Omit pictures and quote the listing below line by line, from its start through the line that holds "Один з оригінальних".

Data excerpt Start Marker

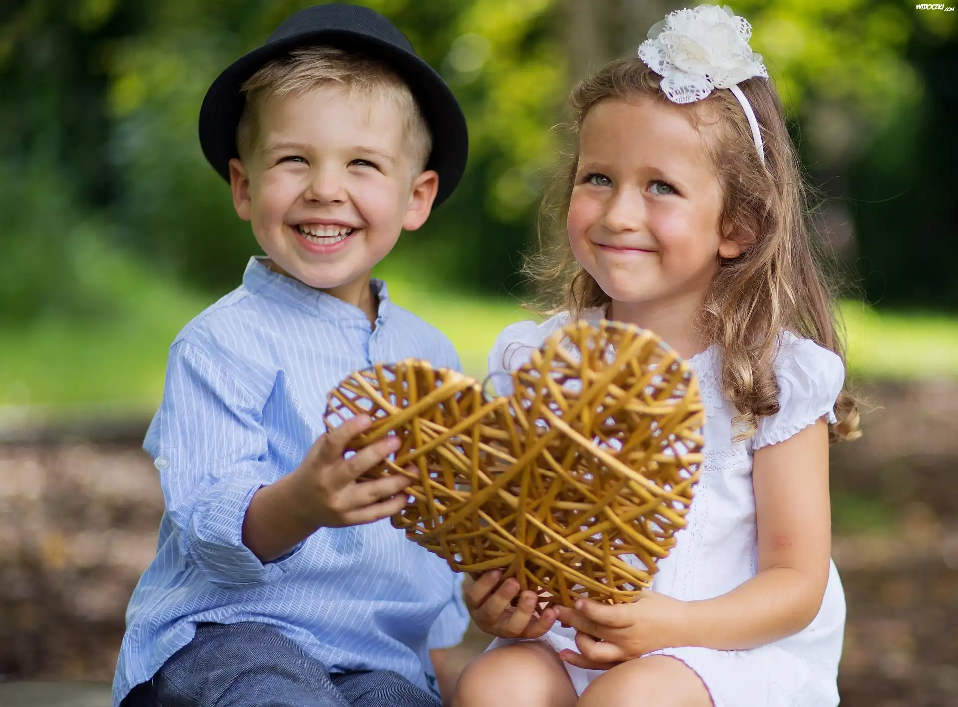 Zdjęcia, Uśmiechnięte, Dzieci, Serce, Park, Walentynki
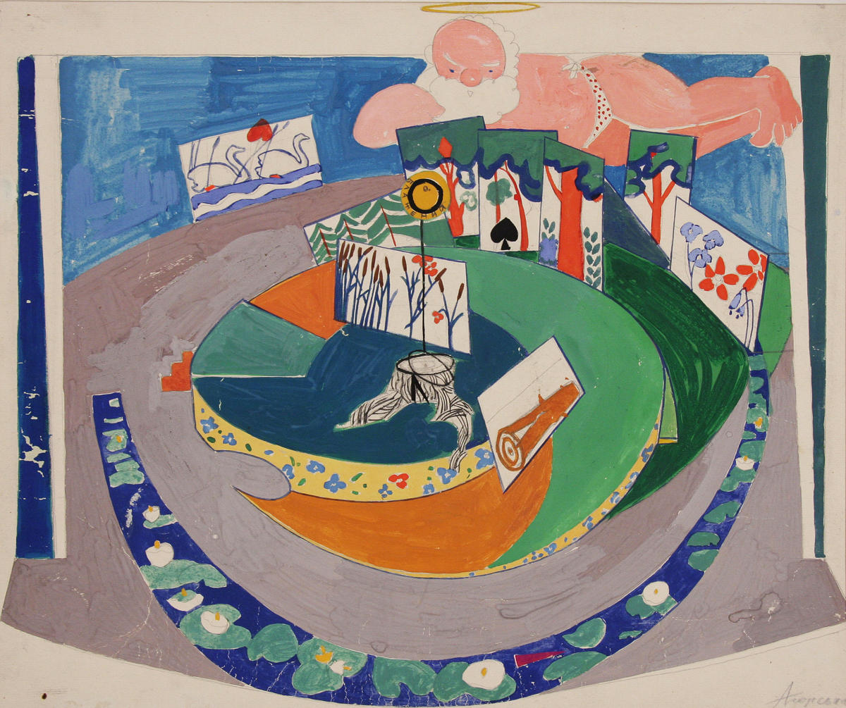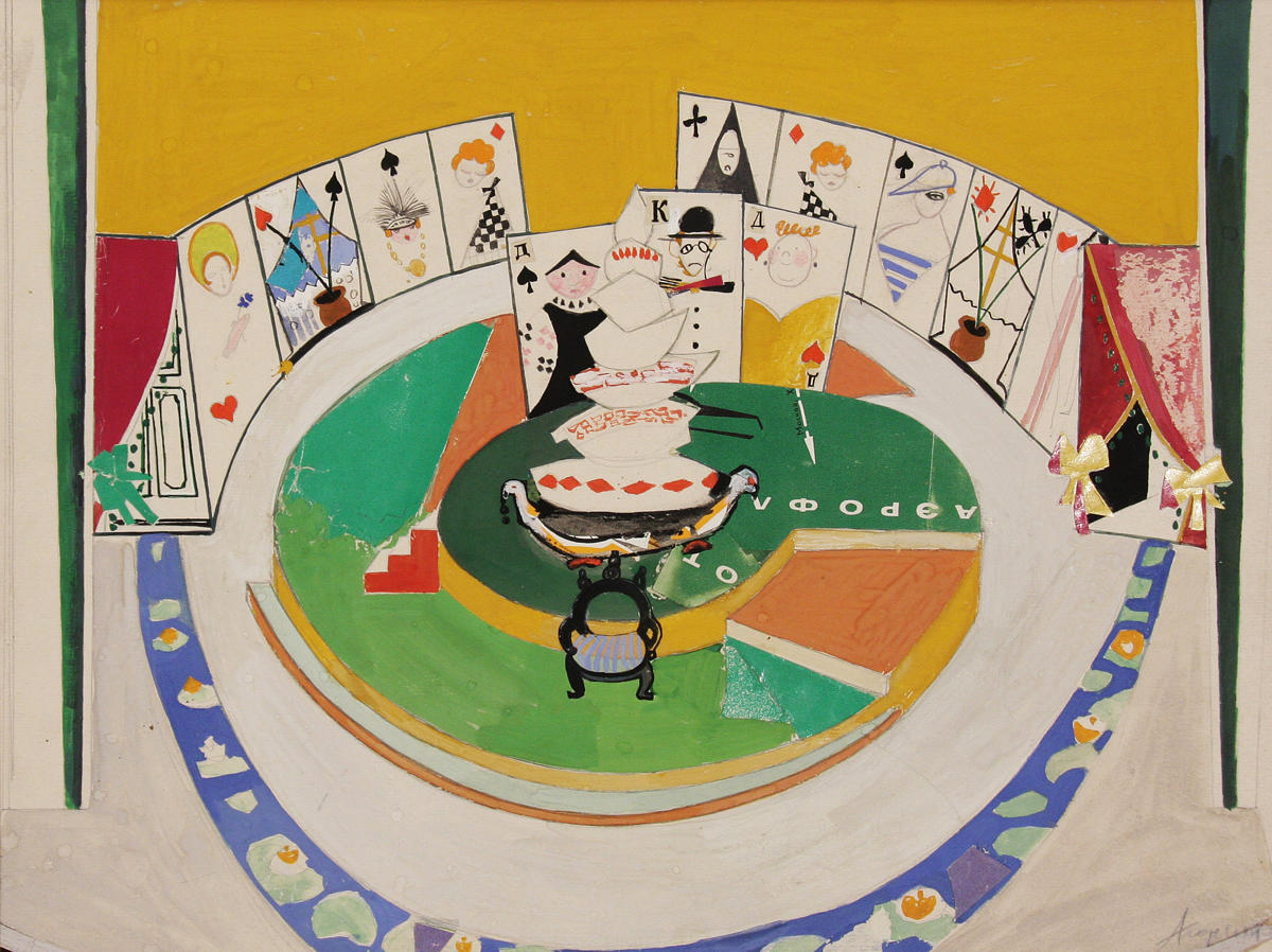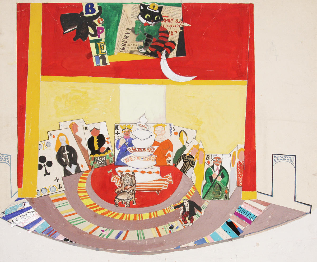 Один з оригінальних сценічних задумів — великі гральні карти, що правили за будівельний матеріал декорації. Зображені на них окремі мотиви, з’єднуючись чи розмикаючись, відтворювали місце дії: то це була кімната Гуски з портретами його численного сімейства; то карти трансформувались в ідилічний пейзаж на острові блаженства.
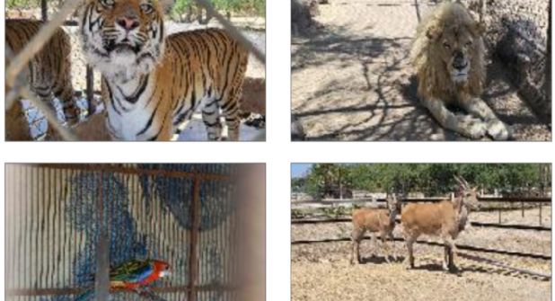 En el sitio se aseguraron dos antílopes, una llama, 10 tigres, tres de ellos cachorros; seis jaguares, cinco leones, dos ciervos rojos, dos águilas Harris, un ave emú, tres aves caracara, un cuervo, dos pelícanos, tres zopilotes, nueve pericos dorsirrojo, un cacomixtle, cuatro loros kramer, dos pericos multicolor y dos mapaches.

Data excerpt End Marker

**Solution**
 Zdjęcia, Uśmiechnięte, Dzieci, Serce, Park, Walentynki
 Один з оригінальних сценічних задумів — великі гральні карти, що правили за будівельний матеріал декорації. Зображені на них окремі мотиви, з’єднуючись чи розмикаючись, відтворювали місце дії: то це була кімната Гуски з портретами його численного сімейства; то карти трансформувались в ідилічний пейзаж на острові блаженства.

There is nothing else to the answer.